Data center violations
Over the previous 20 years, data centers in nine states received 56 civil fines from state and federal environmental inspectors, totaling at least $1.4 million, according to Business Insider. These were Clean Water Act or Clean Air Act infractions that carried penalties of at least $100,000.
The top two companies on the list are Equinix and CyrusOne, which operate so-called colocation data centers that rent out processing capacity to other businesses. They have seven and six fines, respectively, followed by QTS with four and Amazon with three.
In Business Insider’s research, Digital Realty, one of the major colocators, generated the highest monetary amount of fines. An environmental inspector in Virginia discovered nine emergency generators operating without permits in a data center owned by Loudoun County Digital Realty in 2018. The inspector stated in his enforcement recommendation plan that data center developers “have an economic incentive to construct facilities quickly” and that Digital Realty “made a business decision and enjoyed the economic benefit” by adding generators without a permit. The business finally consented to pay $317,913 in 2020 to settle all penalties after further infractions for exceeding allowed generator limitations and using generators without permission during periods of high pollution. Regarding Business Insider’s findings, Digital Realty chose not to respond.
Meanwhile, there is still a possibility of contaminated water. An industrial “Chemical Belt” QTS data center in New Jersey paid $179,000 in 2023 to resolve allegations that it had not sufficiently monitored pollutants released into Ambrose Brook. Water comprising chemical descalers, algaecides, and corrosive antibacterials is continually released by the plant during the winter.

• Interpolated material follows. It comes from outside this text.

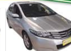
City LX 1.5 Mecânico Completo - prata - 10/11 R$ 39.900

QTS settled with no admittance of fault. According to a QTS representative, the Piscataway data center met all monitoring criteria and was in complete compliance with the New Jersey Department of Environmental Protection permit. The spokesman also stated that QTS resolved three additional environmental regulatory issues at data centers and was fully compliant with the Clean Air Act and Clean Water Act.
A representative for Amazon stated that the business has a history of adhering to environmental laws.
A CyrusOne representative told Business Insider that the company is dedicated to environmental responsibility and conforms with environmental rules. According to an Equinix representative who spoke to Business Insider, the company had not fully complied with permitting, timing and tracking, and emissions requirements in certain limited circumstances, but “we aggressively work to ensure that our facilities are in full compliance with all applicable regulations.”